* Problem statement
Filter the material, keeping only lines with the word "system".

* Extracted material
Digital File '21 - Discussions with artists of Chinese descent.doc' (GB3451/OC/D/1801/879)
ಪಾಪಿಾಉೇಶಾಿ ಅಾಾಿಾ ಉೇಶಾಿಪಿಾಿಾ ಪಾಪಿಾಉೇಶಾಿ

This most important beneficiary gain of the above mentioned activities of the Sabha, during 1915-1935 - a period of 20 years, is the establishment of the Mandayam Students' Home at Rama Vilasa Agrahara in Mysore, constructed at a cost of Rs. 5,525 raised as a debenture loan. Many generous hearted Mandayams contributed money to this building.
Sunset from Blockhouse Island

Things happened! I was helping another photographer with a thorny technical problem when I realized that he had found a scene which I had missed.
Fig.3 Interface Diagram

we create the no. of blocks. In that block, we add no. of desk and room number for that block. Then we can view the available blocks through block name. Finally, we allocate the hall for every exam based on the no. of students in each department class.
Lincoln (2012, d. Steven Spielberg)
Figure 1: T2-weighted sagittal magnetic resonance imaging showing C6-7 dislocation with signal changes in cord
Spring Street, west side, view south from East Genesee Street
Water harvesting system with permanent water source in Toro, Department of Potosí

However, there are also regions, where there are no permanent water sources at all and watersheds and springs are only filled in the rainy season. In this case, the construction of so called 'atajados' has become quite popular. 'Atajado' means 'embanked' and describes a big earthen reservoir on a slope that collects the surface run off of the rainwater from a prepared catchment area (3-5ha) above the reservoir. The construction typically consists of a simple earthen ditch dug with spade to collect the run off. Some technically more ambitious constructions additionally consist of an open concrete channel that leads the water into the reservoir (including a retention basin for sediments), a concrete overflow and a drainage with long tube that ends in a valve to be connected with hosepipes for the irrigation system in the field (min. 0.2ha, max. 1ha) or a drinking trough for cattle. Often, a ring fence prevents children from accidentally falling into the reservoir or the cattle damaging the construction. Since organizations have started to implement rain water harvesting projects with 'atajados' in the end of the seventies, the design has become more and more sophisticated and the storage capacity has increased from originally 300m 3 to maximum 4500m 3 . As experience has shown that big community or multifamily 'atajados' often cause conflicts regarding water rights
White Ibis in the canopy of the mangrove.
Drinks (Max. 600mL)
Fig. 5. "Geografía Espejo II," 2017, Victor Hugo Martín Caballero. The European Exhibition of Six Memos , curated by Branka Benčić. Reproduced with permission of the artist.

* Task answer
Water harvesting system with permanent water source in Toro, Department of Potosí
However, there are also regions, where there are no permanent water sources at all and watersheds and springs are only filled in the rainy season. In this case, the construction of so called 'atajados' has become quite popular. 'Atajado' means 'embanked' and describes a big earthen reservoir on a slope that collects the surface run off of the rainwater from a prepared catchment area (3-5ha) above the reservoir. The construction typically consists of a simple earthen ditch dug with spade to collect the run off. Some technically more ambitious constructions additionally consist of an open concrete channel that leads the water into the reservoir (including a retention basin for sediments), a concrete overflow and a drainage with long tube that ends in a valve to be connected with hosepipes for the irrigation system in the field (min. 0.2ha, max. 1ha) or a drinking trough for cattle. Often, a ring fence prevents children from accidentally falling into the reservoir or the cattle damaging the construction. Since organizations have started to implement rain water harvesting projects with 'atajados' in the end of the seventies, the design has become more and more sophisticated and the storage capacity has increased from originally 300m 3 to maximum 4500m 3 . As experience has shown that big community or multifamily 'atajados' often cause conflicts regarding water rights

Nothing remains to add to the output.